When I was 22 I was working at a non-profit in Bermuda but found it wasn't a good fit. I decided to start a project of my own through an internship at EA. I discovered that physical work, and work which is directly involved in growing and sharing food, felt healthy and right.

In order to learn more about GB, I came to the Golden Rule Mini-Farm in October 2017 and worked with Rachel Britten, the GRMF Manager at the time. When an internship became available at VGfP in March 2018, I joined Matt Drewno on the coast.

I hope to collaborate with Chris and others from my home to create a GB learning center in Bermuda. We're both currently training for Basic-Level Teacher Certification.

What I value most about my time at VGfP is the connection with these people that's developed. I can't imagine ever not having them in my life. Not only the teachers and interns from EA, but also the communities I've experienced in Mendocino County; the forests, the people, the commitment to local food movements, it's all really inspiring.
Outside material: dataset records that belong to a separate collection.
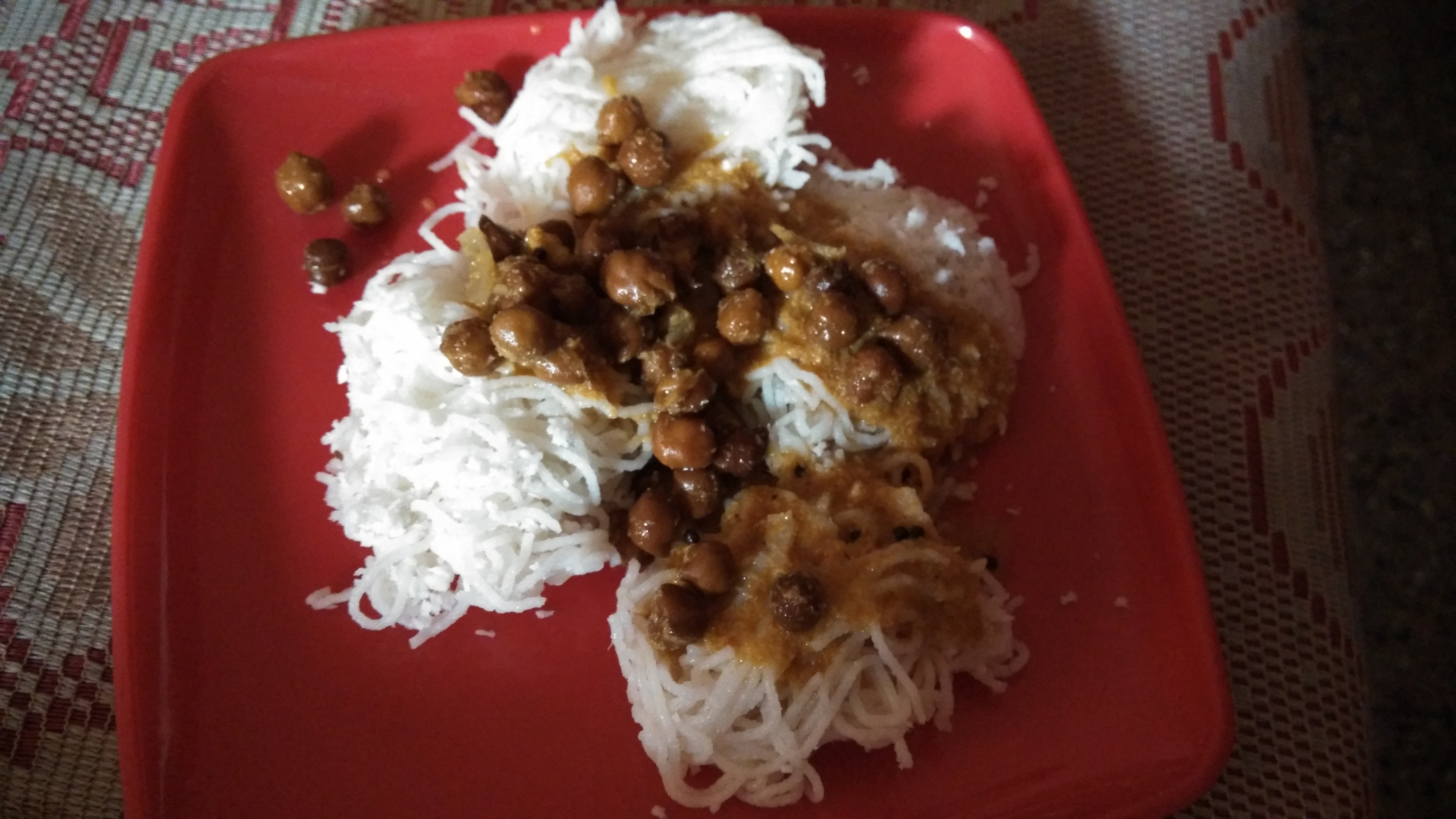 This consists of rice flour pressed into noodle form and then steamed Usually served with Kadala(Chick pea), egg, fish or meat curry Served mainly as breakfast and sometimes as a evening snack
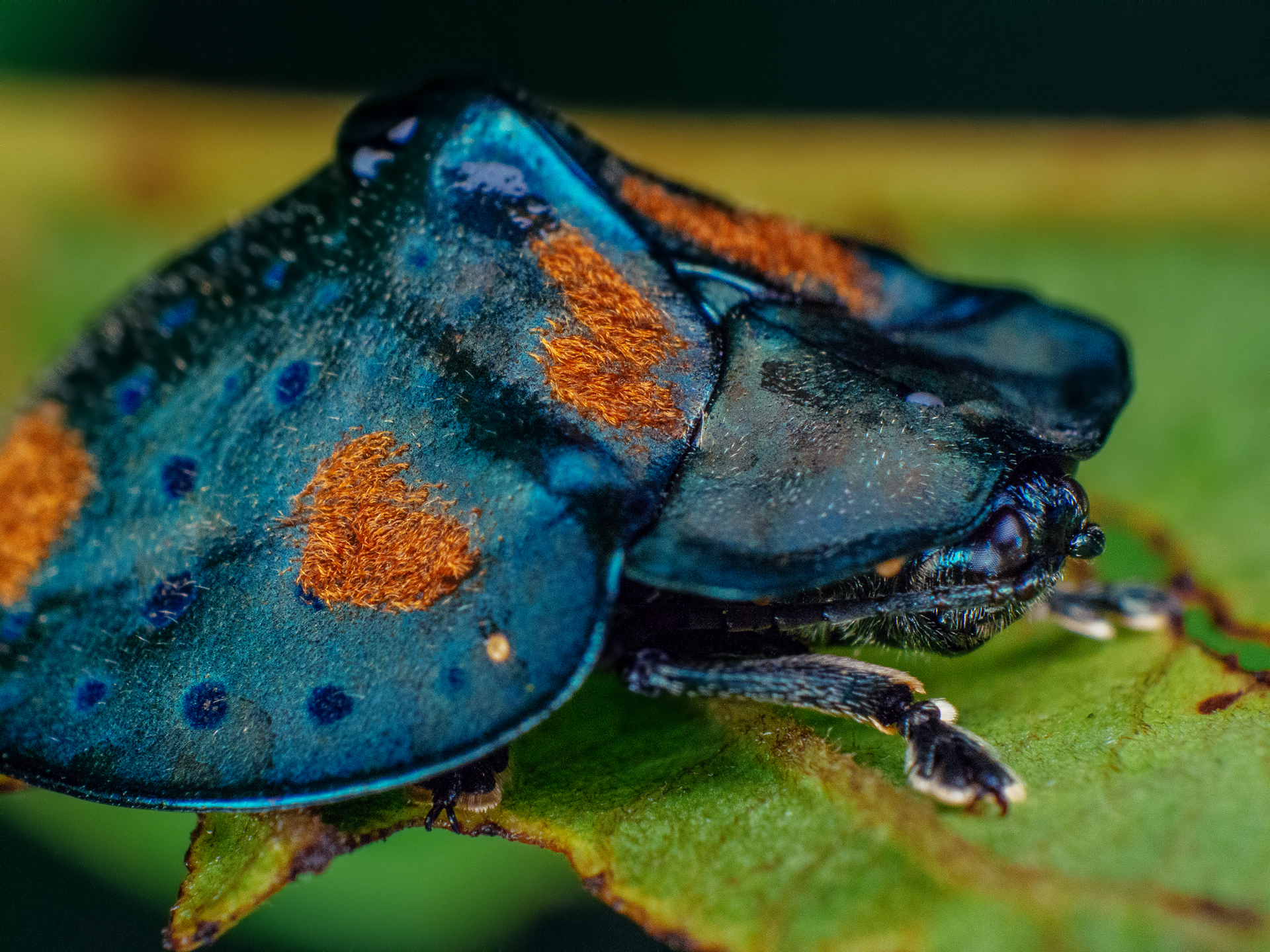 Blue and orange tortoise-beetle (Cassidinae, Stolas cf. conspersa) in Serra do Papagaio state park, Matutu valley, Aiuruoca, Brazil.
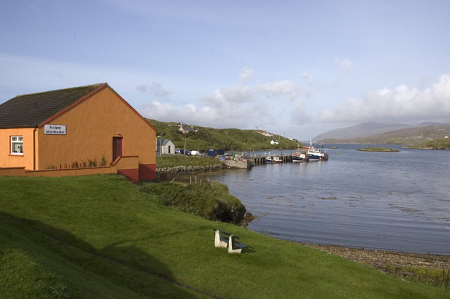 Scalpay Mini Market and North Harbour
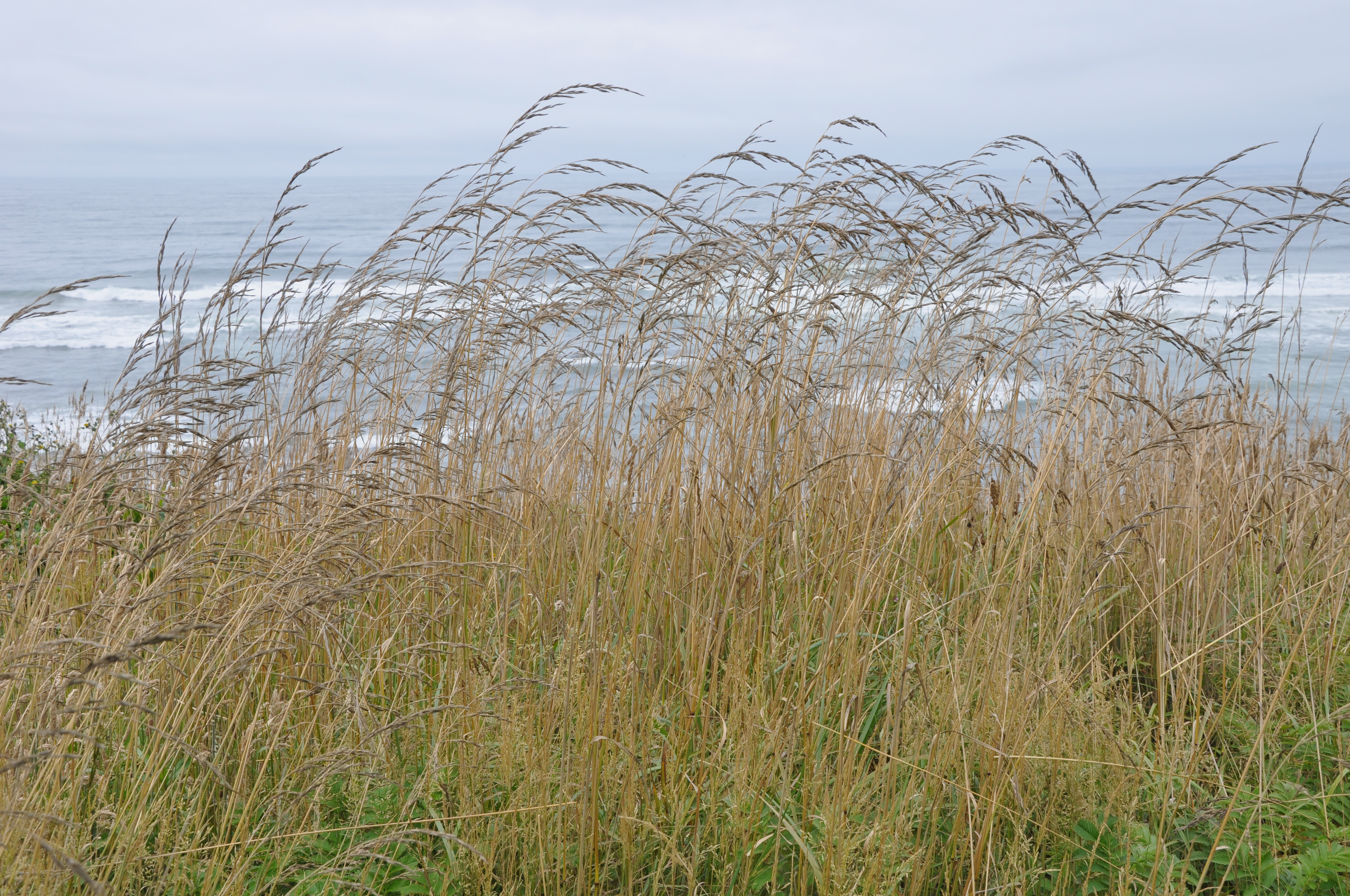 Tokatee Klootchman State Natural Site between Yachats and Florence in the U.S. state of Oregon.
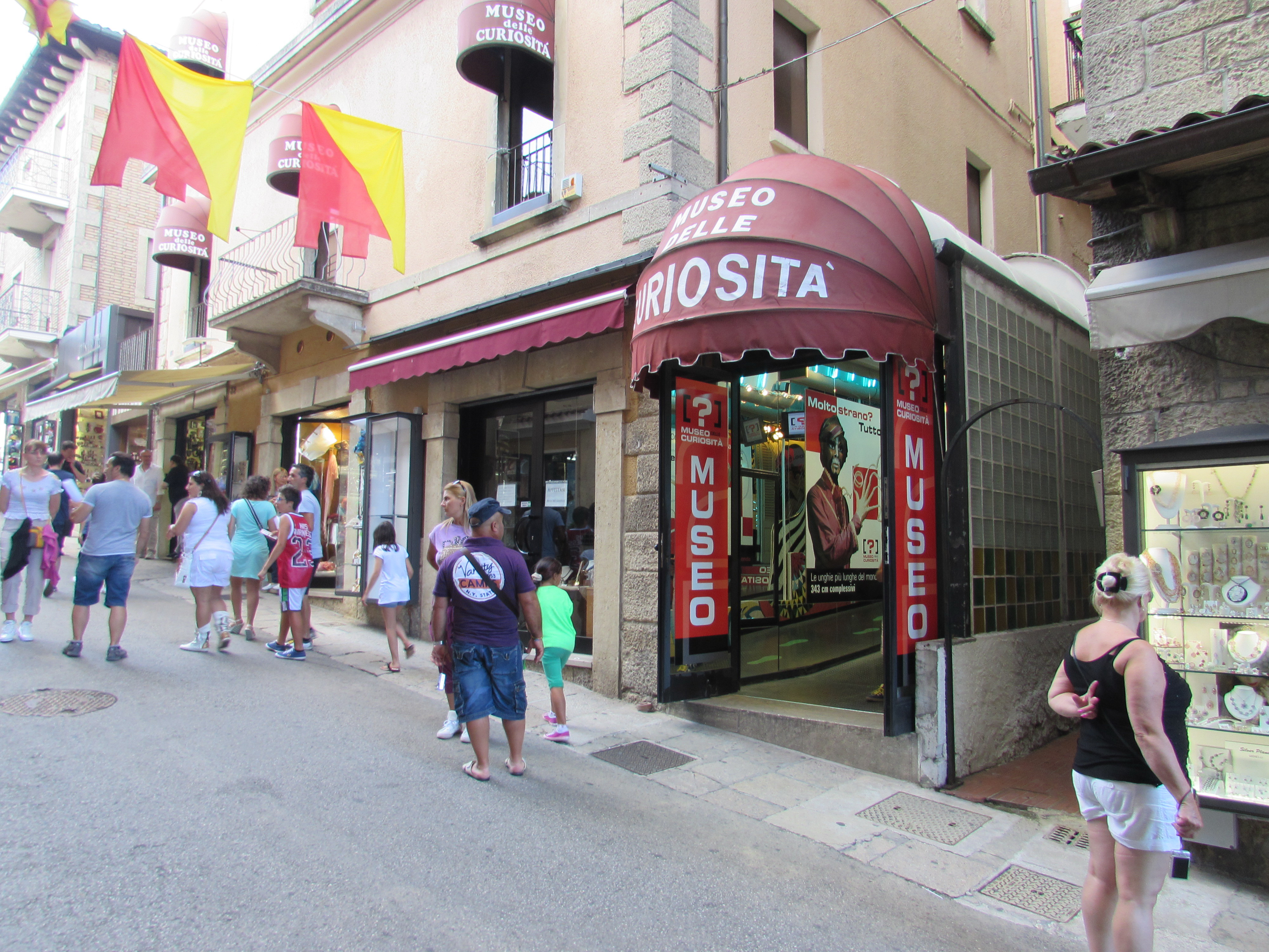 Image of San Marino
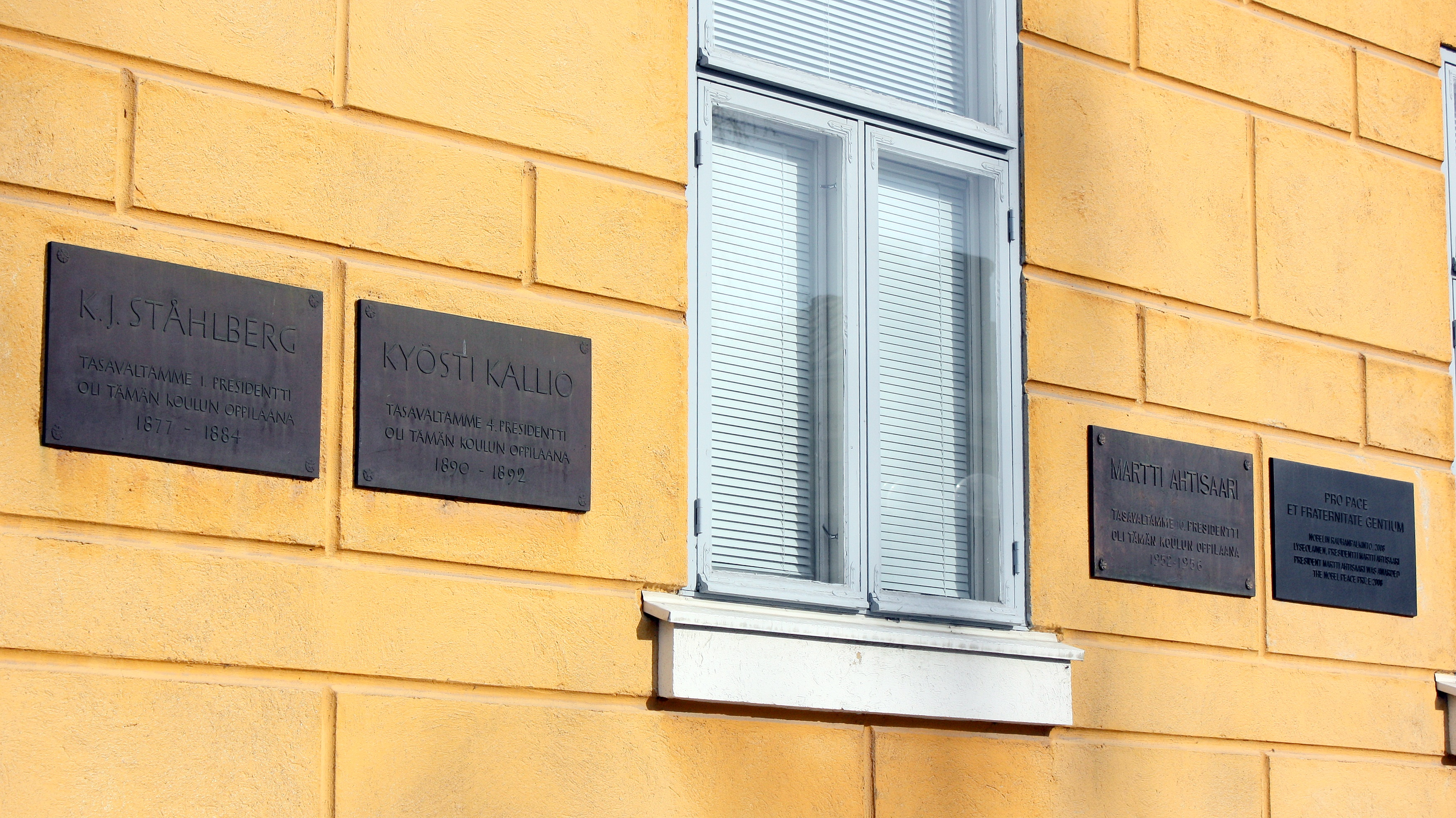 On the wall of Oulu lyceum there are three plaques for the presidents that have attended Oulu lyceum: K.J.Ståhlberg, Kyösti Kallio and Martti Ahtisaari. And another plaque for Nobel Peace Prize awarded to Martti Ahtisaari.
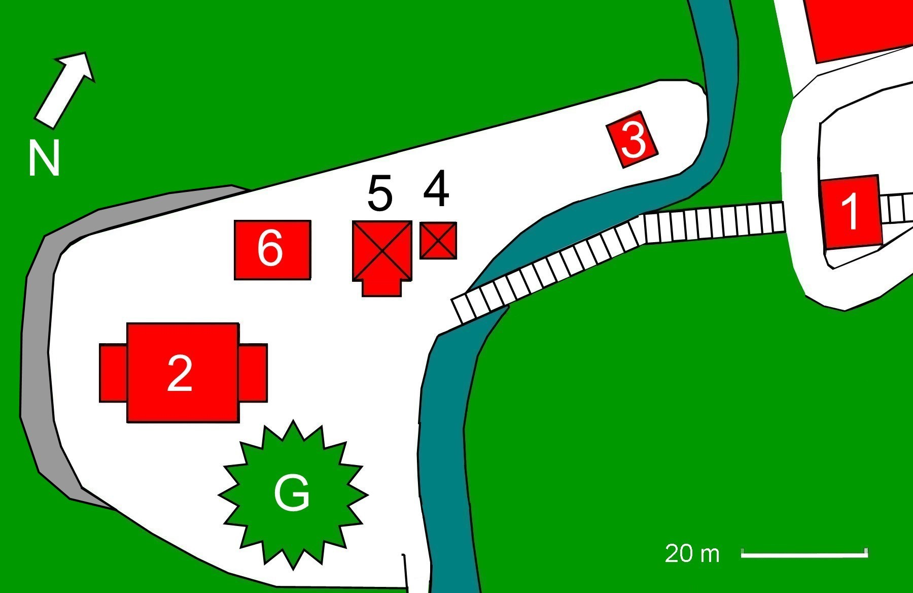 Layout of Shôbô-ji (Higashimatsuyama)
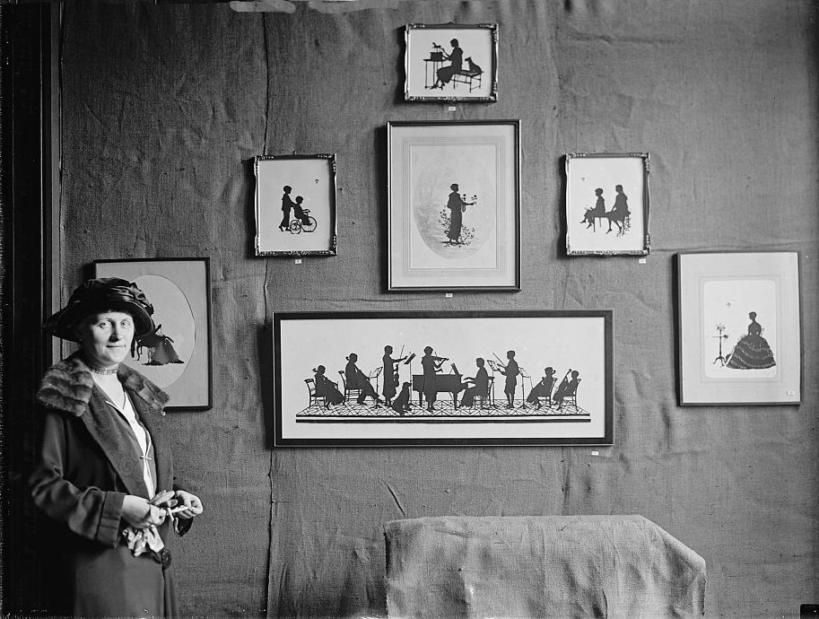 Title: Baroness Eveline Maydell at Corcoran Art Gallery, 4/2/25 Date Created/Published: [19]25 April 2. Medium: 1 negative : glass ; 4 x 5 in. or smaller Reproduction Number: LC-DIG-npcc-13321 (digital file from original) Rights Advisory: No known restrictions on publication. Call Number: LC-F8- 34981 [P&P] Repository: Library of Congress Prints and Photographs Division Washington, D.C. 20540 USA Notes: Title from unverified data provided by the National Photo Company on the negative or negative sleeve. Gift; Herbert A. French; 1947. This glass negative might show streaks and other blemishes resulting from a natural deterioration in the original coatings. Temp note: Batch three. Format: Glass negatives. Collections: National Photo Company Collection Part of: National Photo Company Collection (Library of Congress) Bookmark This Record
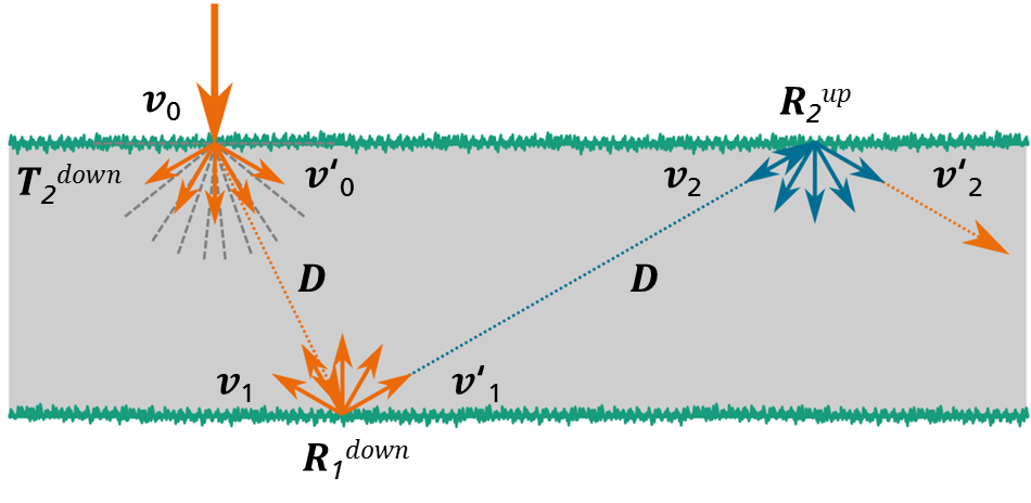 Sketch of the OPTOS simulation procedure. Light that is incident from above onto a sheet with structured front and rear interface is redistributed during the interaction with these interfaces and propagates through the sheet. The power distribution vectors vi contain one entry for each angle channel with the fraction of the total incident power as value. Optical properties of the sheet are calculated in OPTOS via multiplications of the redistribution matrices R and T, the propagation matrix D and the incident light distribution v0.

I was considering other training sites, but I feel it's providential that I was meant to be here. It's a privilege and an honor to be in this space.

I'm considering staying another year as an apprentice, which would give me a chance to become really grounded in the GB method. But when I finish, I want to return to Bermuda and teach the method to the people there. Our island imports 100% of our food. The GROW BIOINTENSIVE method could change that. .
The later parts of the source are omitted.